Kritische Prüfung angebracht

Der Einsatz von Nahrungsergänzungsmitteln ist teils mehr, teils weniger sinnvoll. So nutzen Hersteller den großen Leidensdruck von Neurodermitikern aus, indem sie mit zum Teil erlogenen Mangelbeschreibungen und daher notwendigen Supplementierungsempfehlungen von Spurenelementen, Phospholipiden oder PUVA große Geschäfte machen. Bei einer Vielzahl der modernen (und teuren) Trendprodukte gilt schlichtweg: Sie schaden nicht, ein Nutzen ist jedoch auch nicht erkennbar.

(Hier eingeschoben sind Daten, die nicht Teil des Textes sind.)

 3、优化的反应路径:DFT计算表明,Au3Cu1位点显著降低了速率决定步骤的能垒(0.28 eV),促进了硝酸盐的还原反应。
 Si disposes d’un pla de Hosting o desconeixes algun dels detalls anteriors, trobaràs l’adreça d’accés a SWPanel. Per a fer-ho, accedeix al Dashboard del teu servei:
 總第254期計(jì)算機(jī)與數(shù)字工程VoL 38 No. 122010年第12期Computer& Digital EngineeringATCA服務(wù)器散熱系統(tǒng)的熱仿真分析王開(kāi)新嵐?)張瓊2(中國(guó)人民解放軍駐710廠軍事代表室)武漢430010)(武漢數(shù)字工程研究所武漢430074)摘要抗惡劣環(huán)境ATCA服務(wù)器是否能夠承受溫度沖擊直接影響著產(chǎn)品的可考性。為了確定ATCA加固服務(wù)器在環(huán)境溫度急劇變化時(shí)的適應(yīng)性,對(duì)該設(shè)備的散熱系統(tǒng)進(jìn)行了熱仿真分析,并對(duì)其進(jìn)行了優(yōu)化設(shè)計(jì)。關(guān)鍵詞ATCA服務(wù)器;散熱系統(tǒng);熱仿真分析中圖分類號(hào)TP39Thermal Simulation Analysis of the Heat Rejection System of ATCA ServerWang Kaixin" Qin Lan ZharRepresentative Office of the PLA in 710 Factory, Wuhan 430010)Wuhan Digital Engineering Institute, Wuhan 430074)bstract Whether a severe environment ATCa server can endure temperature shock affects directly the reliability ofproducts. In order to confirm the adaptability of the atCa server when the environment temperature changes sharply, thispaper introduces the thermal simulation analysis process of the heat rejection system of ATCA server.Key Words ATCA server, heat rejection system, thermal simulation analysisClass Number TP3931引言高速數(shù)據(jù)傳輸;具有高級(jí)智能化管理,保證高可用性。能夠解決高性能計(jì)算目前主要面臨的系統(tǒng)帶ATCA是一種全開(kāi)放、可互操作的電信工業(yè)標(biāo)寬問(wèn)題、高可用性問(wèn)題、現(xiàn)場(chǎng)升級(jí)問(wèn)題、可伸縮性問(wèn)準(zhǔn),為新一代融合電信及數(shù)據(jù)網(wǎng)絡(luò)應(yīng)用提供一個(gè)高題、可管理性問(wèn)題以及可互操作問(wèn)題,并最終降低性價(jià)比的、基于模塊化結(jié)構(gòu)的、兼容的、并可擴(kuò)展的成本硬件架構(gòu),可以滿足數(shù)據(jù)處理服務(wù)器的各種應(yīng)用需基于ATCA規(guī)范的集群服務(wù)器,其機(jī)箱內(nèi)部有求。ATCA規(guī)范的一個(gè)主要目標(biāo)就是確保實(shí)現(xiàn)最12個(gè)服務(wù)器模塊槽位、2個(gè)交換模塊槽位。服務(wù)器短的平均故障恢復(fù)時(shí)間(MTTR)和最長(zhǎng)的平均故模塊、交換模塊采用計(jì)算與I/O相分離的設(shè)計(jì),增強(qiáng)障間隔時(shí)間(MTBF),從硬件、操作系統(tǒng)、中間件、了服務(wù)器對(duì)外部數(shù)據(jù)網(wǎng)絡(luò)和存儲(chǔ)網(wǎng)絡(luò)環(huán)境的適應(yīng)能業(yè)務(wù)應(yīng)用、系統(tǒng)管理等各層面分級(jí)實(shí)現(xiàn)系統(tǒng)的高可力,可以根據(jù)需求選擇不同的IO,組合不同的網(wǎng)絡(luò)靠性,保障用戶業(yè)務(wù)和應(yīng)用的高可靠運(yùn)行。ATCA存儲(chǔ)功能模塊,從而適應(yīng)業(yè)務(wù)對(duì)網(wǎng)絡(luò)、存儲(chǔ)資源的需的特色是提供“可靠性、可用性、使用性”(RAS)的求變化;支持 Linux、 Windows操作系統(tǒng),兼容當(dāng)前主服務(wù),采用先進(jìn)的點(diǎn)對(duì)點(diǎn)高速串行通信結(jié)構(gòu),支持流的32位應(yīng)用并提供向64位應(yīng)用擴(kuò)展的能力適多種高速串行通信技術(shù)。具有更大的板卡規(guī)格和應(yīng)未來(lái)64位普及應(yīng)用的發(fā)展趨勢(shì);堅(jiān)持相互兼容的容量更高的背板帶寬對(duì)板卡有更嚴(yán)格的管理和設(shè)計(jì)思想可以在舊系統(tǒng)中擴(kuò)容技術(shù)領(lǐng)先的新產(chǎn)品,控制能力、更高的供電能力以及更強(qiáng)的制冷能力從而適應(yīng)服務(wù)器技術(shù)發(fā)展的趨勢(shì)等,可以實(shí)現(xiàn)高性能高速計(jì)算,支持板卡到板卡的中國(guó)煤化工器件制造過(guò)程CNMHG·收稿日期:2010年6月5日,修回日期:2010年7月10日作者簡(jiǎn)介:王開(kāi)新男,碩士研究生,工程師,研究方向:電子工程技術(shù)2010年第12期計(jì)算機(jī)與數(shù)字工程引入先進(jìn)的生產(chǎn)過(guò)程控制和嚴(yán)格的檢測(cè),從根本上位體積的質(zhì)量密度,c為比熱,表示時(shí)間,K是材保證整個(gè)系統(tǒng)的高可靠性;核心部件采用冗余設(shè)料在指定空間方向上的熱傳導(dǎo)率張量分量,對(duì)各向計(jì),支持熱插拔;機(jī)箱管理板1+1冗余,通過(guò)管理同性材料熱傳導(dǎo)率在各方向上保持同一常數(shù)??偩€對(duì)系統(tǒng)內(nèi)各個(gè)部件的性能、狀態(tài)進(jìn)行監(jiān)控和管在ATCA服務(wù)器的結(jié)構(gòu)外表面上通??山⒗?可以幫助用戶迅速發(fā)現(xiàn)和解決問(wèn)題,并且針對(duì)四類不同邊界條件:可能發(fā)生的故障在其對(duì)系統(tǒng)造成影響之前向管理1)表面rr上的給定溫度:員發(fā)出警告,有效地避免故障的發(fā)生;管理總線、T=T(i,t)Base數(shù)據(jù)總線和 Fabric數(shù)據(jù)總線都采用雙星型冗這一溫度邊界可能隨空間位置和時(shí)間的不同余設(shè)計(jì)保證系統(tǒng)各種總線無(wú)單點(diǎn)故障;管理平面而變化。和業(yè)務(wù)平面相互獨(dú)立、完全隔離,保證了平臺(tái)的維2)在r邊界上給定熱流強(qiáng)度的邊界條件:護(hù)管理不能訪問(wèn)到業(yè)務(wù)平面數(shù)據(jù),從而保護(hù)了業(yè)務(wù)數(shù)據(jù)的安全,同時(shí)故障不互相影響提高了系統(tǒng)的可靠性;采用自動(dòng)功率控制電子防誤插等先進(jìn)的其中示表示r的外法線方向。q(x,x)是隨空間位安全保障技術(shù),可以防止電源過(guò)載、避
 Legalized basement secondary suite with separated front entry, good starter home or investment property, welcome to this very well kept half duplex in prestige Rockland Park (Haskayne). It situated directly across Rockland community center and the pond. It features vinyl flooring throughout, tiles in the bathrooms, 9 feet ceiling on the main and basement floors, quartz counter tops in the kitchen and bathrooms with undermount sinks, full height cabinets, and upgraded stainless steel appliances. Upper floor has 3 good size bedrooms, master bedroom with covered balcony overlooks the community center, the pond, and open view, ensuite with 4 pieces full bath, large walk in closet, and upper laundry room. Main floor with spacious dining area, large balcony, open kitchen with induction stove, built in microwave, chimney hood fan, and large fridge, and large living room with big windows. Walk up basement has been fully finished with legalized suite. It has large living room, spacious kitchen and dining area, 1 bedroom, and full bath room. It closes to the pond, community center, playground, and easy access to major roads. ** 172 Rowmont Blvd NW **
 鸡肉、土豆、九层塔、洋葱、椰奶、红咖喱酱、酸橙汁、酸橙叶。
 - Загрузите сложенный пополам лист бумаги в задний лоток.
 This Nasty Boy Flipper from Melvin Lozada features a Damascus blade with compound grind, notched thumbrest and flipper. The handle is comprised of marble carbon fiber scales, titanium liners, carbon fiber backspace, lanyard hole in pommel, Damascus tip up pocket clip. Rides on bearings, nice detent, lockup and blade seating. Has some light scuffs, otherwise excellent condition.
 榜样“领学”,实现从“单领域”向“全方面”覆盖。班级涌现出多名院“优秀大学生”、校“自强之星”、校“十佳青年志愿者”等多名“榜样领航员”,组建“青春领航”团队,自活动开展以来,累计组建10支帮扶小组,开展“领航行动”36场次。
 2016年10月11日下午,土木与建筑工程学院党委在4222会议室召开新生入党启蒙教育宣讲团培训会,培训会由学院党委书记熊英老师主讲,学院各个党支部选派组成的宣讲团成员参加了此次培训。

Unbestritten aber gibt es Produkte, die aus präventivmedizinischer Sicht durchaus nützlich sind. Vor allem Nahrungsergänzungsmittel und ergänzende bilanzierte Diäten sind von ernährungsphysiologischer Bedeutung. Hier liegt in der Zukunft für den Apotheker ein großes Wirkungsfeld, zum einen ein ausgewähltes und sinnvolles Sortiment bereit zu halten und dem Kunden mit kompetenter Beratung bei der Auswahl zur Seite zu stehen.

R. Seitz, Emmering

Quelle 
Dr. G. Hanke, Heilbronn: „Arzneimittel oder Lebensmittel? Theorie und Praxis“; Prof. Dr. M. Schubert-Zsilavecz, Frankfurt: „Wissenschaft und Pseudowissenschaft von Nahrungsergänzungsmitteln – eine Marktanalyse“; Dr. R. Schwaitle, Bonn: „Regelungsansätze in Europa“; Prof. Dr. E. Steinhagen-Thiessen, Berlin: „Prophylaxe von kardiovaskulären Erkrankungen – Stellenwert der Ernährung“. Vorsymposium „Die Produktvielfalt im Spannungsfeld zwischen Arzneimittel und Lebensmittel – Regularien und Relevanz“ am 7. Oktober 2004 im Rahmen der DPhG-Jahrestagung in Regensburg, veranstaltet von der DPhGFachgruppe Pharmazeutische Biologie, moderiert von Prof. Dr. S. Alban, Kiel. (Der Vortrag „Omega-3-Fettsäuren – Quellen, Physiologie, krankheitsspezifische Effekte“ von Prof. Dr. Christine Metzner fiel wegen Krankheit aus.)